Pero si este proceso se prolonga demasiado tiempo, si esta intranquilidad empieza a ser excesiva, si se perpetúa y centra toda nuestra atención en los síntomas de esa inquietud, se iniciaría un círculo vicioso, o una espiral cada vez más grande. Centrar la atención en los nervios, en los síntomas de ansiedad, crea más ansiedad; pero esto es lo que ocupa una gran parte de nuestra atención cuando estamos muy nerviosos y estresados. Por otro lado, la atención es un recurso limitado, que si lo empleamos en atender las preocupaciones por la ansiedad, resta capacidad para atender a la posible solución del problema. De manera que se pone en marcha una espiral en la que la ansiedad ya no es adaptativa, si no que se convierte en patológica y puede causar más problemas que soluciones, e incluso puede ocasionar trastornos de muy diversa consideración, como el ataque de pánico, o crisis de ansiedad, que podría degenerar después en otros trastornos como la perpetuación de los ataques de pánico (trastorno de pánico), la agorafobia o la depresión.
Algo similar sucede en ambas fases del proceso de estrés con respecto al estado de ánimo y la tristeza. En la fase inicial, o cuando el estrés es más positivo (ayuda más a la adaptación), el estado de ánimo que se vive es alto, positivo, alegre, con una elevada moral y optimismo, así como una fuerte actividad dirigida a afrontar la situación que genera el estrés.

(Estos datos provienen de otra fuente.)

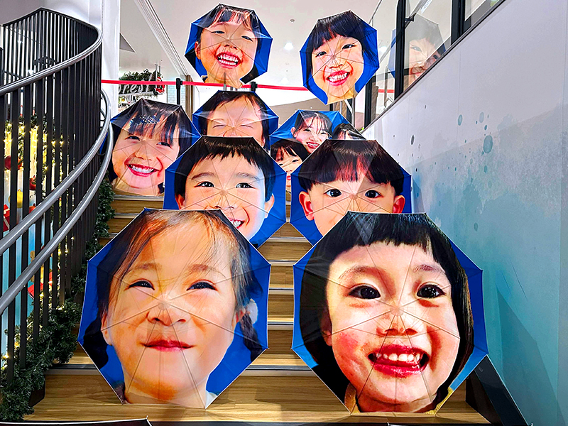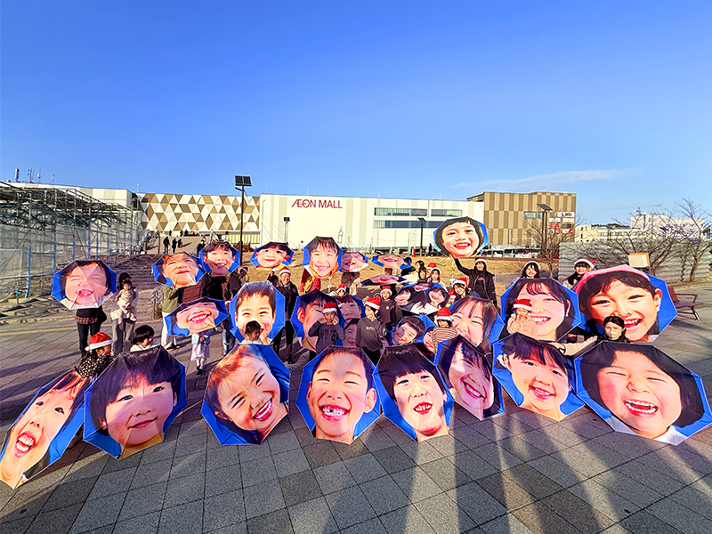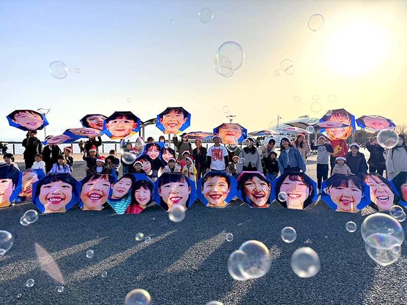 ずらりと子どもたちの笑顔の傘が並びました。

Pero en la fase avanzada del proceso de estrés se puede pasar a la tristeza, el estado de ánimo bajo, la pérdida de actividad (activación conductual), e incluso se puede terminar en el desánimo, la desesperanza y la indefensión, momento en el que nos sentiremos superados por todos los acontecimientos que nos rodean. De ahí se podría llegar a la depresión, especialmente si ya uno cuenta en su haber con una serie de factores de riesgo, como falta de apoyo social, escasa autoestima, estilo atribucional erróneo (como por ejemplo, echarse las culpas de los resultados negativos, con atribuciones de causalidad no controlables), o haber padecido otros episodios depresivos con anterioridad. En la depresión, la actividad cognitiva sufre una serie de sesgos de interpretación (todo es negativo y se magnifica como muy negativo), de la atención (focalizada en los acontecimientos negativos, como las pérdidas, los fracasos, la frustración), de la memoria (toda nuestra biografía pasada es un conjunto de fracasos, no recordamos nada positivo), de la forma de atribuir causalidad (las causas de los fracasos suelen ser de tipo interno, estable y global; por ejemplo, todo el fracaso es por nuestra culpa, porque todo lo hacemos mal siempre).